The flowers are unusual, being green and reddish-brown in colour and forming a clumped, cylindrical head. Look closer, and the female flowers are at the top and the creamy male flowers are at the base, nearer the stem. Just let a few mature and gather the seed, otherwise all the flowers will deplete growth and the plant will be small, with tough and leathery leaves. Tidy the plant with an all-over trim in autumn.

How to enjoy it

The cucumber-like flavour of the leaves, which can be used in a variety of tasty dishes, is the special feature of this herb. Pluck a few stems, strip the rounded leaves off the stalk and add them to the salad bowl. Some people react to cucumber and have digestive issues. This herb (and borage too) gives the crisp flavour of cucumber without any accompanying burps. Also, it is great to use when the cucumber season is over. Use the herb fresh in pasta, bean, potato and lettuce salads. Try using it as a parsley substitute and add it to soups and dips as a garnish.

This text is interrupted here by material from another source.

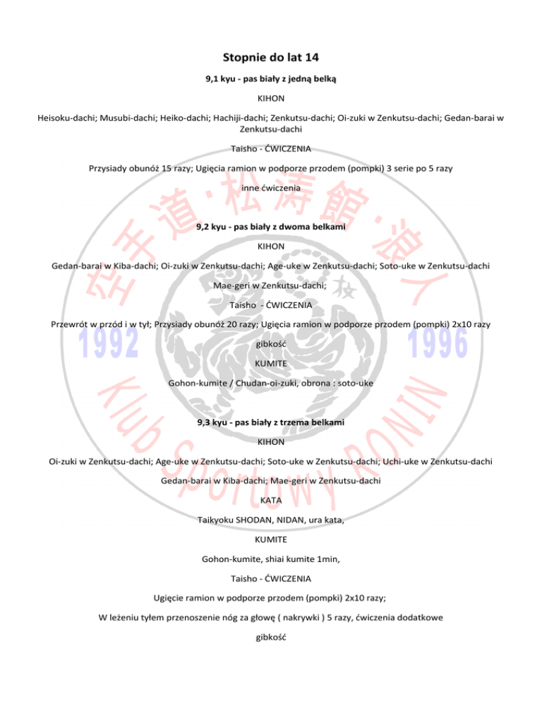 Stopnie do lat 14 9,1 kyu - pas biały z jedną belką KIHON Heisoku-dachi; Musubi-dachi; Heiko-dachi; Hachiji-dachi; Zenkutsu-dachi; Oi-zuki w Zenkutsu-dachi; Gedan-barai w Zenkutsu-dachi Taisho - ĆWICZENIA Przysiady obunóż 15 razy; Ugięcia ramion w podporze przodem (pompki) 3 serie po 5 razy inne ćwiczenia 9,2 kyu - pas biały z dwoma belkami KIHON Gedan-barai w Kiba-dachi; Oi-zuki w Zenkutsu-dachi; Age-uke w Zenkutsu-dachi; Soto-uke w Zenkutsu-dachi Mae-geri w Zenkutsu-dachi; Taisho - ĆWICZENIA Przewrót w przód i w tył; Przysiady obunóż 20 razy; Ugięcia ramion w podporze przodem (pompki) 2x10 razy gibkość KUMITE Gohon-kumite / Chudan-oi-zuki, obrona : soto-uke 9,3 kyu - pas biały z trzema belkami KIHON Oi-zuki w Zenkutsu-dachi; Age-uke w Zenkutsu-dachi; Soto-uke w Zenkutsu-dachi; Uchi-uke w Zenkutsu-dachi Gedan-barai w Kiba-dachi; Mae-geri w Zenkutsu-dachi KATA Taikyoku SHODAN, NIDAN, ura kata, KUMITE Gohon-kumite, shiai kumite 1min, Taisho - ĆWICZENIA Ugięcie ramion w podporze przodem (pompki) 2x10 razy; W leżeniu tyłem przenoszenie nóg za głowę ( nakrywki ) 5 razy, ćwiczenia dodatkowe gibkość 8,1 kyu - pas żółty z jedną belką KIHON Oi-zuki; Age-uke/Gyaku-zuki; Soto-uke/Gyaku-zuki; Gedan-barai/Gyaku-zuki; Mae-geri KATA Taikyoku-SHODAN, NIDAN,ura kata KUMITE Gohon-kumite, shiai kumite 1min Taisho - ĆWICZENIA Mostek 2 razy W leżeniu tyłem jednoczesne unoszenie tułowia i nóg (scyzoryki) 6 razy, pompki 7x seiken, 15x na dłoniach, 3x tekubi, W siadzie prostym skłony głową do kolan 2 razy 8,2 kyu - pas żółty z dwoma belkami KIHON Oi-zuki; Age-uke/Gyaku-zuki; Soto-uke/Gyaku-zuki; Uchi-uke/Gyaku-zuki; Gedan-barai w Kiba-dachi Mae-geri; Yoko-geri-keage KATA Taikyoku-SHODAN, NIDAN, SANDAN, ura kata KUMITE Gohon-kumite, shiai kumite (1min) ĆWICZENIA Przewrót do tyłu 2 razy; Mae-geri z przysiadu 10 razy, ćwiczenia dodatkowe pompki 7x seiken, 15x na dłoniach, 3x tekubi, 8,3 kyu - pas żółty z trzema belkami KIHON Oi-zuki; Age-uke/Gyaku-zuki; Soto-uke/Gyaku-zuki; Uchi-uke/Gyaku-zuki; Gedan-barai/Gyaku-zuki Shuto-uke; Mae-geri; Yoko-geri-keage; Yoko-geri-kekomi KATA Taikyoku SHODAN, Heian-SHODAN KUMITE Gohon-kumite, shiai kumite 1min, ĆWICZENIA pompki 7x seiken, 15x na dłoniach, 5x tekubi; Nakrywki 10 razy Skoki w przysiadzie (żabki-jumping)15m. Ćwiczenia dodatkowe 7,1 kyu - pas pomarańczowy z jedną belką KIHON + teoria Oi-zuki; Age-uke/Gyaku-zuki; Soto-uke/Gyaku-zuki; Gedan-barai/Gyaku-zuki; Uchi-uke w Kokutsu-dachi; Mae-geri-jodan; Yoko-geri-keage; Yoko-geri-kekomi KATA Taikyoku-SANDAN, Heian-SHODAN KUMITE Gohon-kumite, shiai kumite 1min, Taisho - ĆWICZENIA pompki 10x seiken, 15x na dłoniach, 5x tekubi, Nakrywki 10 razy Wymachy nogą w przód i w bok na wysokość jodan Ćwiczenia dodatkowe 7,2 kyu - pas pomarańczowy z dwoma belkami KIHON + teoria Oi-zuki; Age-uke/Gyaku-zuki; Soto-uke/Gyaku-zuki; Gedan-barai/Gyaku-zuki Uchi-uke w Kokutsu-dachi; Mae-geri-jodan; Yoko-geri-keage; Yoko-geri-kekomi KATA Taikyoku-SANDAN, Heian-SHODAN, ura kata KUMITE Gohon-kumite, Kihon Ippon kumite (1 atak), shiai kumite 1min, ĆWICZENIA pompki 10x seiken, 20x na dłoniach, 5x tekubi, Skoki w przysiadzie ( żabki )20m Ćwiczenia dodatkowe 7,3 kyu - pas pomarańczowy z trzema belkami KIHON + teoria Oi-zuki; Age-uke/Gyaku-zuki; Soto-uke/Gyaku-zuki; Uchi-uke/Kizami-zuki/Gyaku-zuki Shuto-uke/Gyaku-nukite; Mae-geri; Mae-ren-geri chudan jodan ( z międzykrokiem ) Yoko-geri-keage; Yoko-geri-kekomi; Mawashi-geri KATA Taikyoku Shodan, Taikyoku Sandan, Heian NIDAN, ura kata KUMITE Gohon-kumite, Kihon Ippon Kumite (2 ataki), Shiai kumite 1min, Taisho - ĆWICZENIA Przewrót do przodu z biegu W siadzie rozkrocznym skłon głową do podłogi pompki 10x seiken, 15x na dłoniach, 5x tekubi, 5x na palcach Ćwiczenia dodatkowe 6,1 kyu - pas zielony z jedną belką KIHON + teoria Ren-zuki; Age-uke/Gyaku-zuki; Uchi-uke/Gyaku-zuki; Soto-uke/Gyaku-tate-nukite; Uraken-uchi w Kiba-dachi; Shuto-uchi w Kiba-dachi; Mae-geri; Yoko-geri-keage; Yoko-geri-kekomi; Mawashi-geri; Mawashi-geri/yoko-geri (tą samą nogą); Ura-mawashi-geri, KATA Taikyoku-SHODAN, Heian SHODAN, Heian-NIDAN, plus ura kata KUMITE Kihon-ippon-kumite (2 ataki ręczne, 2 ataki nożne), jiyu kumite ĆWICZENIA Przewrót do przodu z przeskokiem przez klęczącego partnera (tygrysek) pompki 12x seiken, 20x na dłoniach, 5x tekubi, 5x na palcach, Wymachy nogą w przód, w bok i w tył na wysokość jodan Ćwiczenia dodatkowe 6,2 kyu - pas zielony z dwoma belkami KIHON + teoria Sanbon-zuki; Age-uke/Gyaku-zuki; Uchi-uke w kokutsu-dachi/Gyaku-zuki w Zenkutsu-dachi; Shuto-uke/Kizami-mae-geri/Gyaku-nukite; Shuto-uchi w Kiba-dachi; Yoko-empi-uchi w Kiba-dachi Mae-ren-geri (chudan/jodan); Yoko-geri-keage-jodan; Mawashi-geri; Ura-mawashi-geri; Mawashi-geri/Yoko-geri (tą samą nogą); Mawashi-geri/Ura-mawashi-geri (tą samą nogą); Ushiro-geri; KATA Taikyoku-SANDAN, Heian SHODAN, Heian-NIDAN, ura kata, KUMITE Kihon-ippon-kumite (3 ataki ręczne, 3 ataki nożne), shiai kumite 2x1min, jiyu kumite Taisho - ĆWICZENIA Mostek 2 razy Przewrót do przodu i do tyłu x 6 Mae-geri z przysiadu 30 razy pompki 15x seiken, 20x na dłoniach, 5x tekubi, 5x na palcach, Ćwiczenia dodatkowe 6,3 kyu - pas zielony z trzema belkami KIHON + teoria Sanbon-zuki; Age-uke/Gyaku-zuki; Uchi-uke/Kizami-zuki/Gyaku-zuki; Soto-uke/Kizami-uraken-uchi/Gyaku-zuki Shuto-uke/Kizami-mae-geri/Gyaku-nukite; Shuto-uchi; Mae-geri; Mae-ren-geri (z międzykrokiem) Yoko-geri-keage; Yoko-geri-kekomi; Mawashi-geri; Ura-mawashi-geri; Shiho-gyaku-zuki; Mawashi-geri/Yoko-geri (tą samą nogą); Mawashi-geri/Ura-mawashi-geri (tą samą nogą); Ushiro-geri; Ushiro-geri/Mawashi-geri (tą samą nogą); Ushiro-ura-mawashi-geri; KATA Heian Shodan, Heian Nidan, Heian-SANDAN, ura kata KUMITE Kihon-ippon-kumite (4 ataki, 4 obrony z bunkai kata), Shiai kumite 3x1min, jiyu kumite Taisho – ĆWICZENIA ugięcia ramion w podporze przodem (pompki) x15 (dłonie), x15 (seiken), x10 (tekubi), x10

Salad burnet vinegar and dressing

Ingredients

• 1 cup cider or white wine vinegar
• 1 cup chopped salad burnet leaves

Method

  1. Combine vinegar and burnet leaves.
  2. Pour into a lidded plastic (non-corrosive) container and leave on a sunny windowsill for two weeks.
  3. Remember to shake the jar at least once a day as you walk past.
  4. After two weeks, strain off the vinegar, pour into a clean jar and refrigerate until needed.

To make a creamy dressing for any type of salad: place 3 tbsp burnet vinegar, 3 tbsp olive oil, 1 tsp mustard powder, 1 crushed garlic clove and pepper to taste in a lidded jar and shake until combined.